Due to the fact that Kratos Defense & Security Solutions, Inc (NASDAQ:KTOS) has faced bearish sentiment from the entirety of the hedge funds we track, it’s easy to see that there is a sect of hedgies that elected to cut their full holdings last quarter. At the top of the heap, Principal Global Investors’s Columbus Circle Investors cut the largest stake of all the hedgies tracked by Insider Monkey, comprising an estimated $17.2 million in stock, and Richard Driehaus’s Driehaus Capital was right behind this move, as the fund sold off about $11 million worth. These transactions are intriguing to say the least, as total hedge fund interest was cut by 6 funds last quarter.
Let’s now take a look at hedge fund activity in other stocks similar to Kratos Defense & Security Solutions, Inc (NASDAQ:KTOS). These stocks are Magellan Health Inc (NASDAQ:MGLN), Atkore International Group Inc. (NYSE:ATKR), Taubman Centers, Inc. (NYSE:TCO), and Hostess Brands, Inc. (NASDAQ:TWNK). This group of stocks’ market values resemble KTOS’s market value.
|Ticker||No of HFs with positions||Total Value of HF Positions (x1000)||Change in HF Position|
View table here if you experience formatting issues.

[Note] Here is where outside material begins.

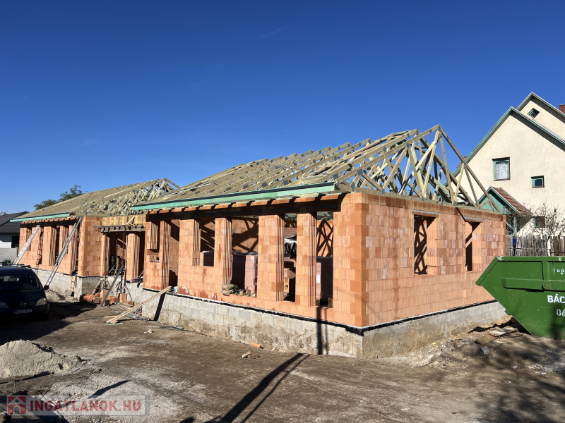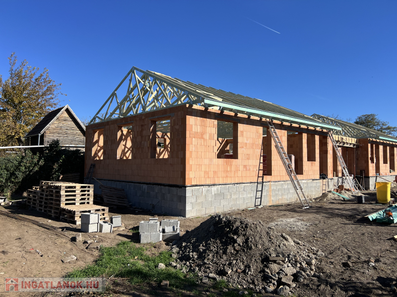 Vasbeton sávalap, Rapid X-Therm PTH 30CM tégla főfalak 20 cm-es dryvit hőszigeteléssel. Műanyag homlokzati nyílászárók 3 rétegű üveggel. Beton födém 20 cm ásványszálas hőszigeteléssel. Fűtés és meleg víz hőszivattyúról, mindenhol padlófűtés . Antracit beton cserép héjazás. Festés, burkolás, szaniterek, belső ajtók választhatók. A hideg burkolatok 7000 Ft./m2 árig , meleg burkolatokat 4500 Ft./m2 árig, a belső ajtókat 50.000 Ft./db. árig tartalmazza a vételár. Riasztó vezetékelve, klíma becsövezése, rejtett redőnytok kialakítás,alumínium redőnyök fehér színben, elektromos kiállások a redőnynek , elektromos kiállás a kapuknál. H tarifa kiépítve, kocsibeálló viacolor (10x20-as) szürke, kiskaputól bejáratig Viacolor (10x20-as) szürke, a ház körül 40 cm széles védőjárda szegélykőből, közé apró kaviccsal betöltve.

As you can see these stocks had an average of 26.25 hedge funds with bullish positions and the average amount invested in these stocks was $246 million. That figure was $40 million in KTOS’s case. Hostess Brands, Inc. (NASDAQ:TWNK) is the most popular stock in this table. On the other hand Magellan Health Inc (NASDAQ:MGLN) is the least popular one with only 19 bullish hedge fund positions. Compared to these stocks Kratos Defense & Security Solutions, Inc (NASDAQ:KTOS) is even less popular than MGLN. Hedge funds dodged a bullet by taking a bearish stance towards KTOS. Our calculations showed that the top 20 most popular hedge fund stocks returned 41.3% in 2019 and outperformed the S&P 500 ETF (SPY) by 10.1 percentage points. These stocks lost 13.0% in 2020 through April 6th but managed to beat the market by 4.2 percentage points. Unfortunately KTOS wasn’t nearly as popular as these 20 stocks (hedge fund sentiment was very bearish); KTOS investors were disappointed as the stock returned -21.5% during the same time period and underperformed the market. If you are interested in investing in large cap stocks with huge upside potential, you should check out the top 20 most popular stocks among hedge funds as most of these stocks already outperformed the market so far in 2020.